The key to abstraction is the addition of two new TensorFlow operators; a global broadcast and an MPI all-reduce operator for the model results for training. Both of these additions allow MaTEx to handle synchronous, data parallel models on a distributed memory system. As the graphic above highlights MaTEx execution across four MPI ranks. Each of the ranks will run a model replica and communicate at each of the reduction points (orange). Each of the models is initialized identically due to the broadcast operator at the beginning (blue).

This is certainly not the only MPI-oriented platform for scaling deep learning on HPC clusters, although many other initial efforts have focused on Caffe and those that haven’t have overlooked the extensive code modifications required to scale. Google has its own distributed TensorFlow package (gRPC) but Vishnu says this is optimized toward cloud-based systems with standard Ethernet and is not robust enough to hum on HPC systems with Infiniband, custom interconnects, RDMA capabilities and other features. Even those efforts at scaling TensorFlow on HPC systems from companies like Baidu, which are also MPI-based, perform well but require extensive changes to the code as it relates to MPI in existing TensorFlow scripts, Vishnu explains. What I needed

“Most data analysts aren’t HPC experts and most HPC experts don’t put forth the effort to bridge the gap between their systems and the things that use HPC machines,” Vishnu tells The Next Platform. “We wanted to bridge that gap between HPC systems and all the interest in Tensorflow—and not just for the large supercomputing sites, but also for systems that are tightly connected on platforms like Amazon Web Services and running at scale.”

The team has provided benchmark results on systems that feature Haswell CPUs and much older generation Nvidia Tesla GPUs (K40) but Vishnu says they are already working on scaling the effort to the DGX-1 appliance to take advantage of NVlink and much more capable communication. We will describe those results when they are made public later this summer.
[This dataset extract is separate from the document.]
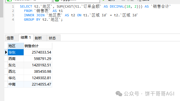 { "text":"","files":[],"json":[ { "result":[ { "地区":"华东", "销售合计":"2574033.54" }, { "地区":"西南", "销售合计":"598791.29" }, { "地区":"东北", "销售合计":"1420192.51" } ] }]}

“We observe that MaTEx TensorFlow scales well on multiple compute nodes using ImageNet datasets and AlexNet, GoogleNet, InceptionV3, and ResNet-50 neural network topologies,” Vishnu says. From a hardware perspective, the main point is that MaTEx has the ability to “leverage multi-node CPU systems and multi-node GPU implementations without modifying any source code specific to TensorFlow.” He recommends users take advantage of the data readers, which offer an interface for reading data in multiple formats.

“We’ve been looking at how this fits in several domains. We’ve talked to physicists about our code, we’ve applied this to SLAC’s particle data, and internally at PNNL, we’ve applied it to graph analysis that uses machine learning. In all of these cases, these are not HPC experts that want to worry about using HPC systems and managing memory and MPI,” Vishnu concludes.